▸ **YOUR INSTRUCTIONS**:
For the records below, copy exactly the span that begins at the line containing "Lot de 4 bavoirs" and stops after the line containing "This heavy-duty, 9-foot, commercial-grade", minus any pictures.

DATASET below:

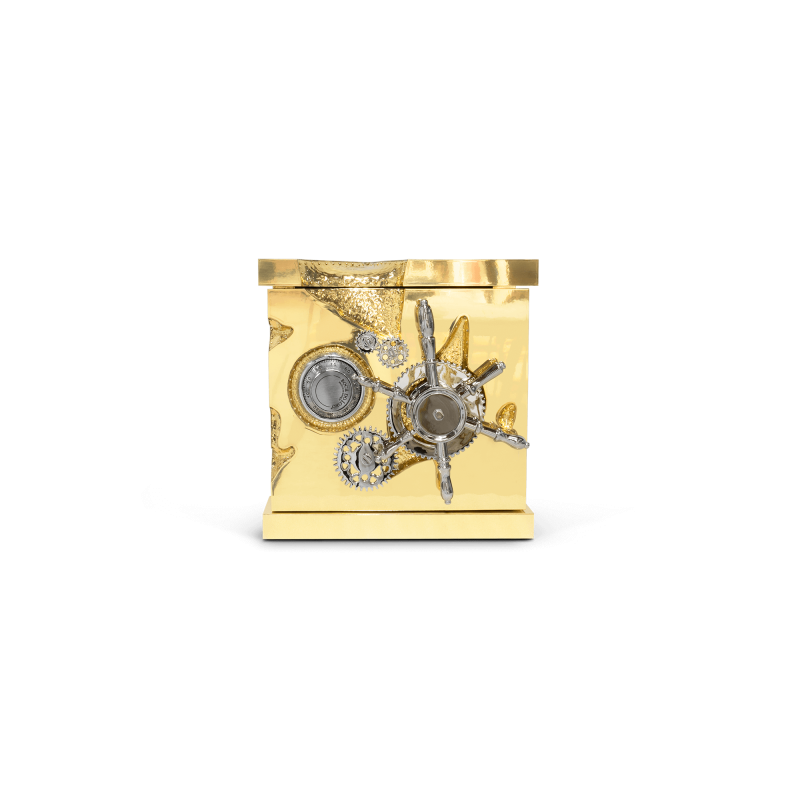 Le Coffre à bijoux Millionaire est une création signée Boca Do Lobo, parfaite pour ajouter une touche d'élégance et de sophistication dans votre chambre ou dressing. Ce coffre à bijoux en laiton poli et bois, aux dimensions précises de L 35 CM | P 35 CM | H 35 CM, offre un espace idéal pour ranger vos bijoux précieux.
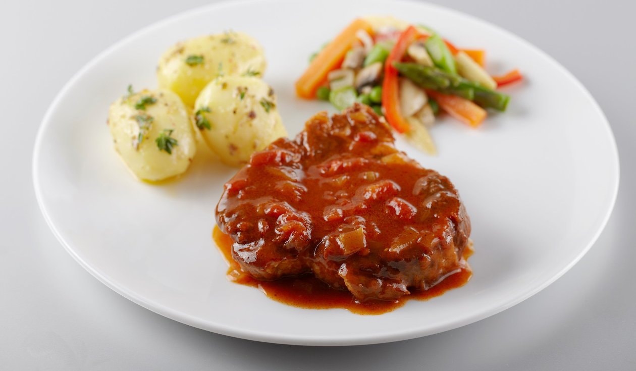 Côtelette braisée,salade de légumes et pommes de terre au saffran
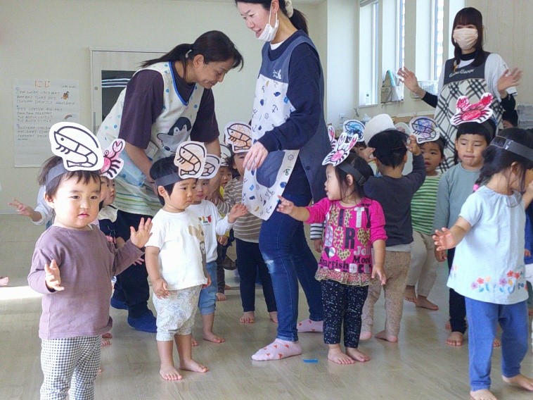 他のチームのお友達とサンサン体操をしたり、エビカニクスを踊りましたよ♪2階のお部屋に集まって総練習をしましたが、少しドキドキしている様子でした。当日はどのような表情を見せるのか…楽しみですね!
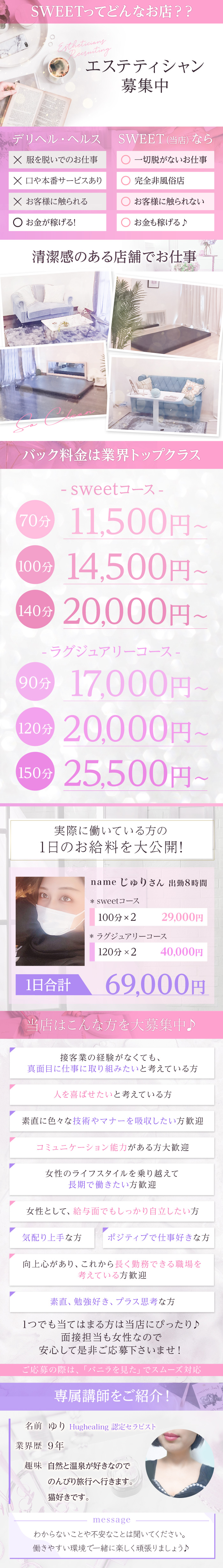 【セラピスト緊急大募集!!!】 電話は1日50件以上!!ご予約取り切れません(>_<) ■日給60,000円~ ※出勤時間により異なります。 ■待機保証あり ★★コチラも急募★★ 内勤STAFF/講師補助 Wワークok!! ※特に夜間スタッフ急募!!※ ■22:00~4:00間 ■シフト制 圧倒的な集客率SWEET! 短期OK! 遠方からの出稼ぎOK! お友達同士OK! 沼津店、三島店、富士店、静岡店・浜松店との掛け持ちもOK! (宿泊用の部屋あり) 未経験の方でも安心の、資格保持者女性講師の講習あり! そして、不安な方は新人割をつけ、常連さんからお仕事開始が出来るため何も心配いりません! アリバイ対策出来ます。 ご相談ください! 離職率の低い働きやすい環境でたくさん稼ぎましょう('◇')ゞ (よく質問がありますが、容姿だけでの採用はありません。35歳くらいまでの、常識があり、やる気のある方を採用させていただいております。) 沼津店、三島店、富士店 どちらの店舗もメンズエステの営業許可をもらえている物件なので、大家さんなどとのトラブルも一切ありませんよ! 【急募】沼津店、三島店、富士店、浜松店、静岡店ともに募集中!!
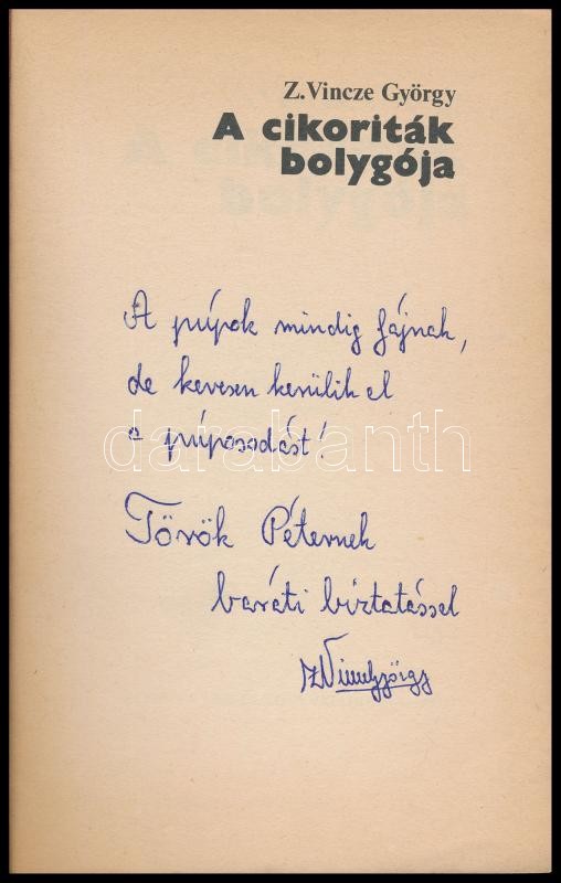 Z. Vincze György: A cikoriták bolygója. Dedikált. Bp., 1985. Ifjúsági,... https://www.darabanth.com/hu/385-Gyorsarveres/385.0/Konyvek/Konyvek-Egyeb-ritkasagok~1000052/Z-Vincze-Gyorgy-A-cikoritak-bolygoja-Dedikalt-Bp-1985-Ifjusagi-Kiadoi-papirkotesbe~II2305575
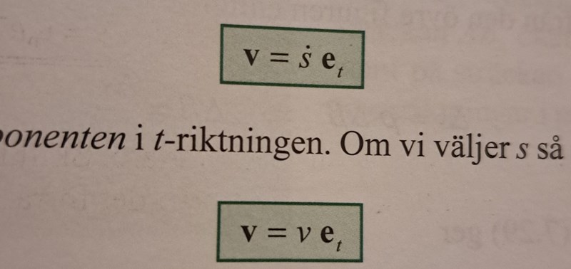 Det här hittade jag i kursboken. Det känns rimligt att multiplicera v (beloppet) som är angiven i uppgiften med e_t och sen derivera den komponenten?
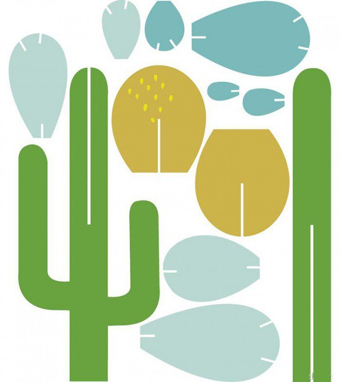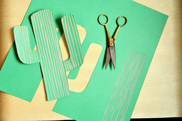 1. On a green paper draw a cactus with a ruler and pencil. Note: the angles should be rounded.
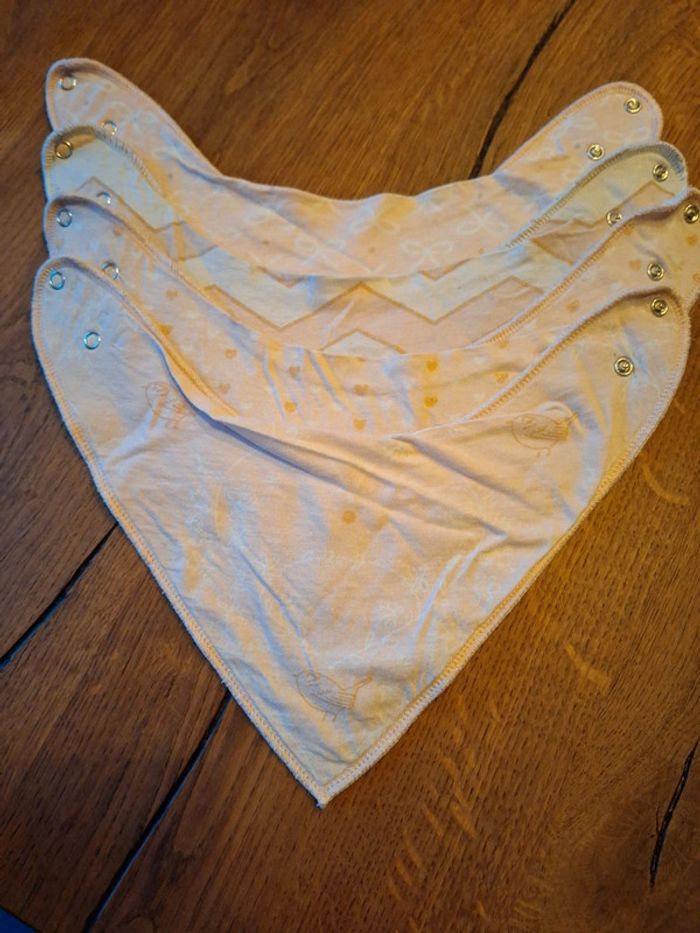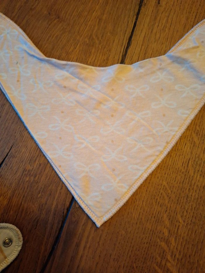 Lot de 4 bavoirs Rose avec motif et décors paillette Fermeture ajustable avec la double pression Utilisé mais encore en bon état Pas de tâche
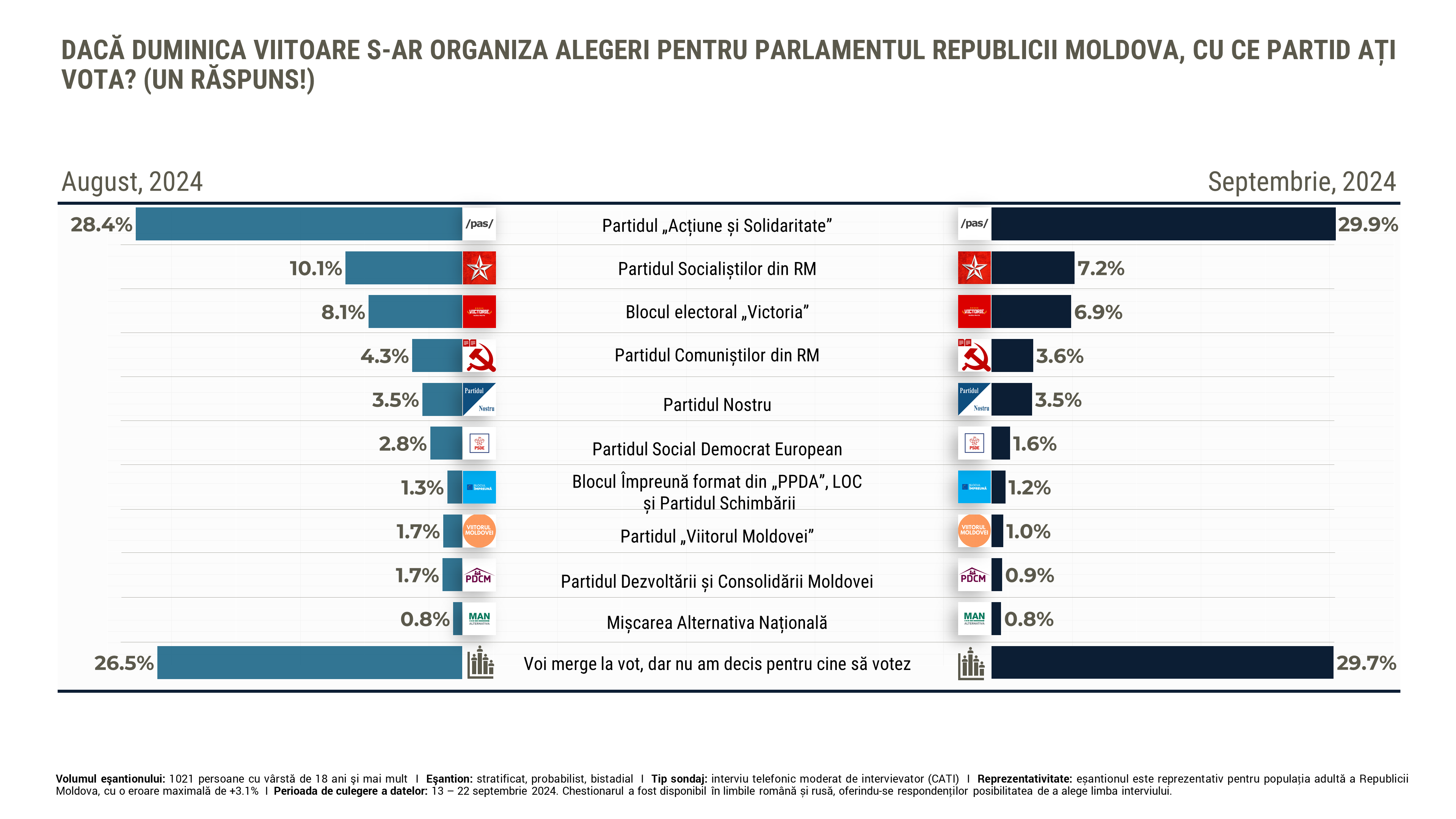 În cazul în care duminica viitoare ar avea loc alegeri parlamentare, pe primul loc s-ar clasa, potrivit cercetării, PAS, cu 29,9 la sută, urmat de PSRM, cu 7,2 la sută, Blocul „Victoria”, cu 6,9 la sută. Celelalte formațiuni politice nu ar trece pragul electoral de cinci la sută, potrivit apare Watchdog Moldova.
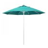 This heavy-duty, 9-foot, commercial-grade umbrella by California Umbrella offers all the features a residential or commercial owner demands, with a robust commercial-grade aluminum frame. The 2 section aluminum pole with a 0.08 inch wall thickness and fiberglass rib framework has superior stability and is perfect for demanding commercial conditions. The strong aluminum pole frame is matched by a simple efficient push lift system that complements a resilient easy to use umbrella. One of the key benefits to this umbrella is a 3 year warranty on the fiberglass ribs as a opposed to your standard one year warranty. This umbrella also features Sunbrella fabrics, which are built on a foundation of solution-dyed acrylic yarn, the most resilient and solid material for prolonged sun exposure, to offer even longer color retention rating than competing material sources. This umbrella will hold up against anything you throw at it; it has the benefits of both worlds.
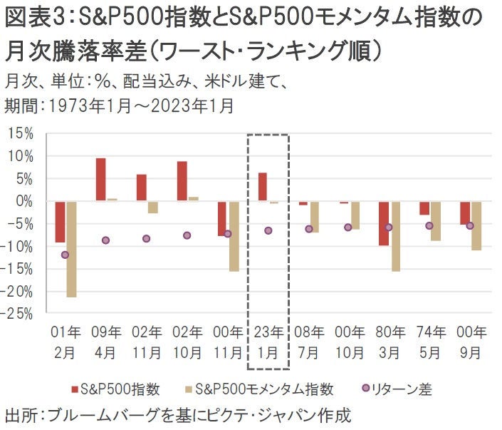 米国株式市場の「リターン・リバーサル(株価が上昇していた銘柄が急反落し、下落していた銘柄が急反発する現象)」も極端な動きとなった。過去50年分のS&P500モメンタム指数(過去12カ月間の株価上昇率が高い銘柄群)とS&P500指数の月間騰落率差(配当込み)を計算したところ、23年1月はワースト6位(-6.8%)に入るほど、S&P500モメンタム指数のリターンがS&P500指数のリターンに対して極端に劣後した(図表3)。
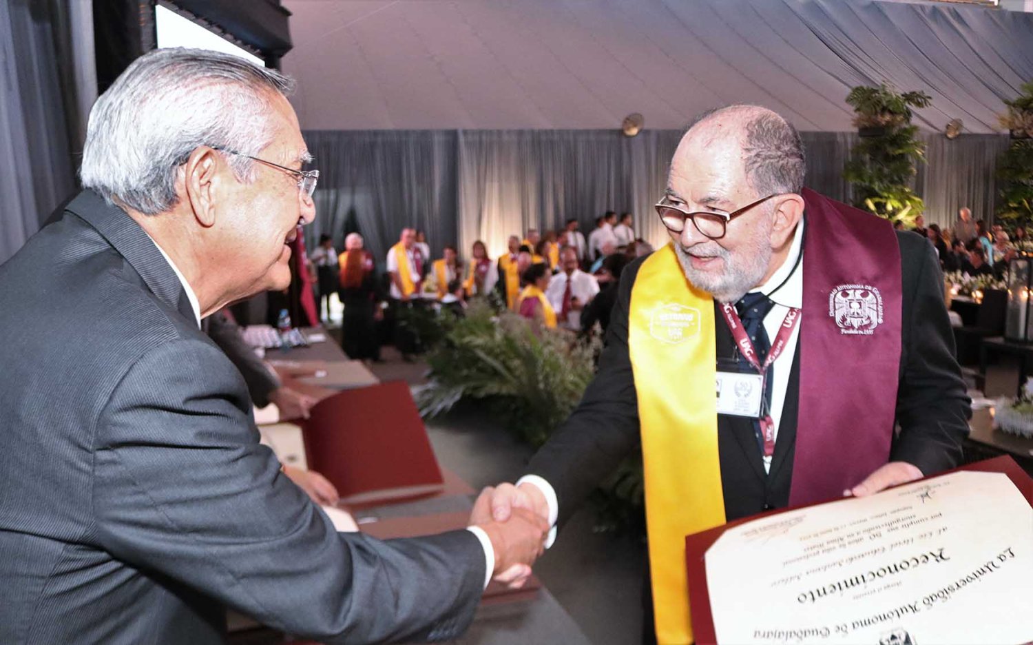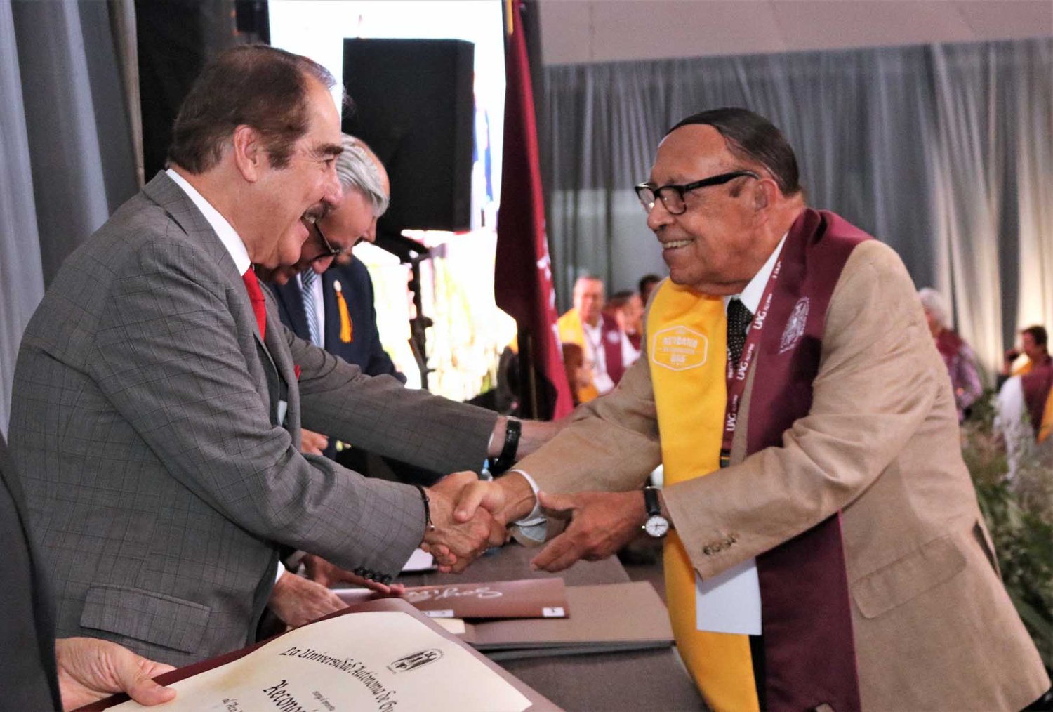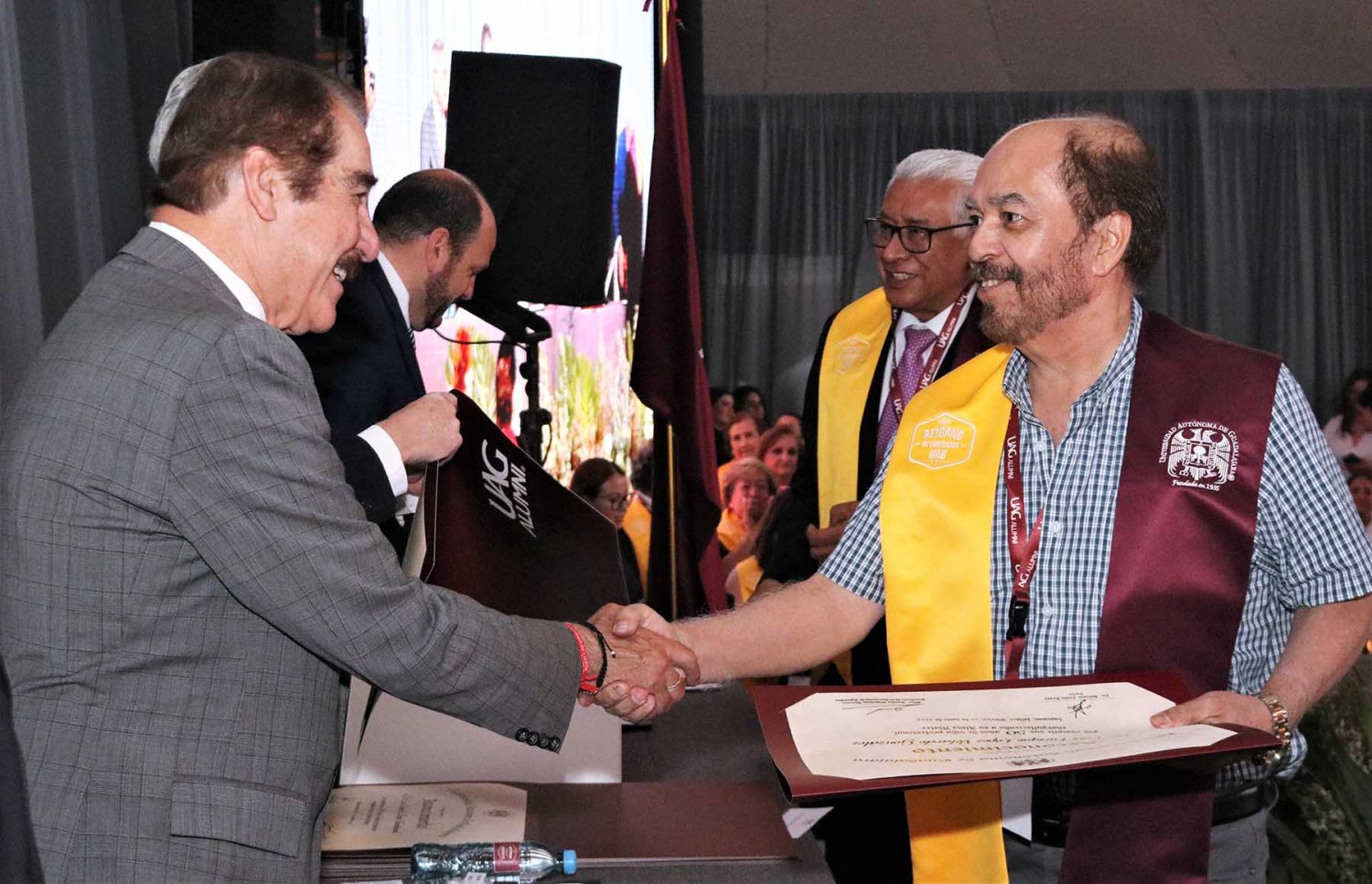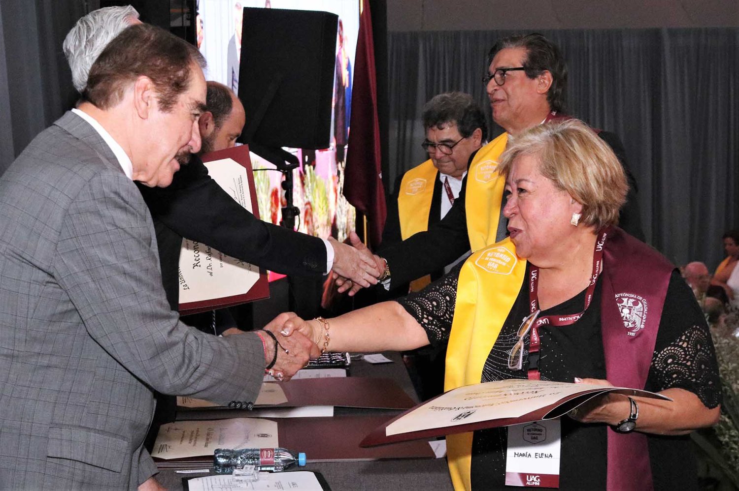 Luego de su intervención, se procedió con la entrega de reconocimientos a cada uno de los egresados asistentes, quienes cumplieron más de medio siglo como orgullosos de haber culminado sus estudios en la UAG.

End of DATASET.

▸ **REPLY TO THE TASK**:
 Lot de 4 bavoirs Rose avec motif et décors paillette Fermeture ajustable avec la double pression Utilisé mais encore en bon état Pas de tâche
 În cazul în care duminica viitoare ar avea loc alegeri parlamentare, pe primul loc s-ar clasa, potrivit cercetării, PAS, cu 29,9 la sută, urmat de PSRM, cu 7,2 la sută, Blocul „Victoria”, cu 6,9 la sută. Celelalte formațiuni politice nu ar trece pragul electoral de cinci la sută, potrivit apare Watchdog Moldova.
 This heavy-duty, 9-foot, commercial-grade umbrella by California Umbrella offers all the features a residential or commercial owner demands, with a robust commercial-grade aluminum frame. The 2 section aluminum pole with a 0.08 inch wall thickness and fiberglass rib framework has superior stability and is perfect for demanding commercial conditions. The strong aluminum pole frame is matched by a simple efficient push lift system that complements a resilient easy to use umbrella. One of the key benefits to this umbrella is a 3 year warranty on the fiberglass ribs as a opposed to your standard one year warranty. This umbrella also features Sunbrella fabrics, which are built on a foundation of solution-dyed acrylic yarn, the most resilient and solid material for prolonged sun exposure, to offer even longer color retention rating than competing material sources. This umbrella will hold up against anything you throw at it; it has the benefits of both worlds.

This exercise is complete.